Morbius Motors, a Kenyan car maker backed by Playfair Capital, has gone into voluntary liquidation after nearly a year of failed rescue efforts. Morbius has struggled to pay suppliers and salaries amid mounting business debt.
“At the general meeting held on August 5, 2024, it was resolved to wind up the company under section 393(1)(b) of the Insolvency Act and to appoint KVSK Sastry as liquidator to wind up the company,” Mobius director Nicholas Guibert said in the notice.
Kenya’s Insolvency Act 2015 states that a company can be wound up if its board of directors resolves “to wound up voluntarily by special resolution”.
Morbius, which has raised $56 million over five rounds of funding, makes low-cost SUVs to target small infrastructure, agriculture and supply chain businesses operating in remote areas that need vehicles that can handle rough roads.
Founded in 2009 by Joel Jackson, a British man working in Kenya, Morbius first developed a stripped-down SUV model “built for African roads” in 2014. The first model was priced at $10,000 (1.3 million Kenyan shillings), below the market price for a standard SUV in Kenya.
The startup built 50 units of its first model.
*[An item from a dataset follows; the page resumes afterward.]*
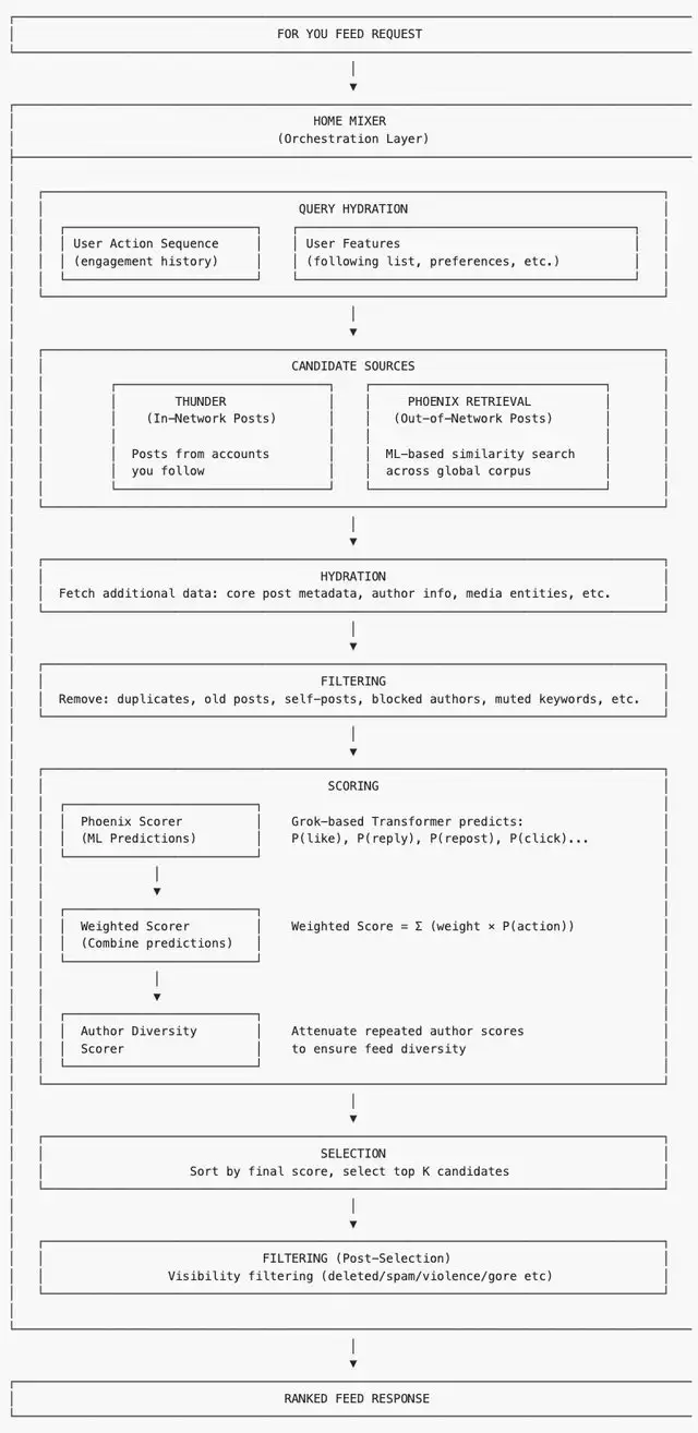 整个系统的核心是称为 Thunder 和 Phoenix 的组件。「For You」信息流算法会从两个来源中召回、排序并过滤内容:
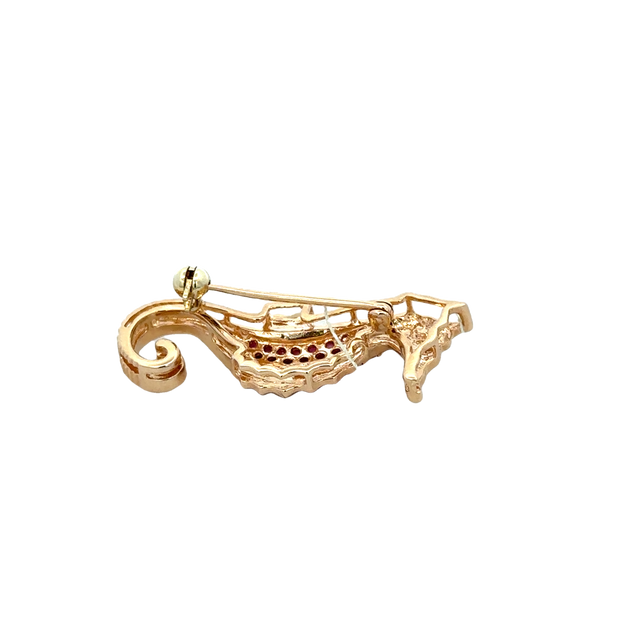 Vintage Ruby and Diamond Seahorse Brooch in Yellow Gold

It followed up its first model with the Morbius II in 2018 and the Morbius III in 2021, but failed to capture Kenya’s car market, which is flooded with used imports from the UK, Japan and other Asian countries.
The company’s production is tied to pre-orders with a refundable deposit of $384 (KES50,000), which may mean market adoption of its model has been low.
Morbius began mass production in 2015 with backing from UK-based venture capital firm Playfair Capital, and is also funded by Kenya-based manufacturer Chandaria Industries, the US Government Development Corporation (DFC) and private investment firm Pan African Investments.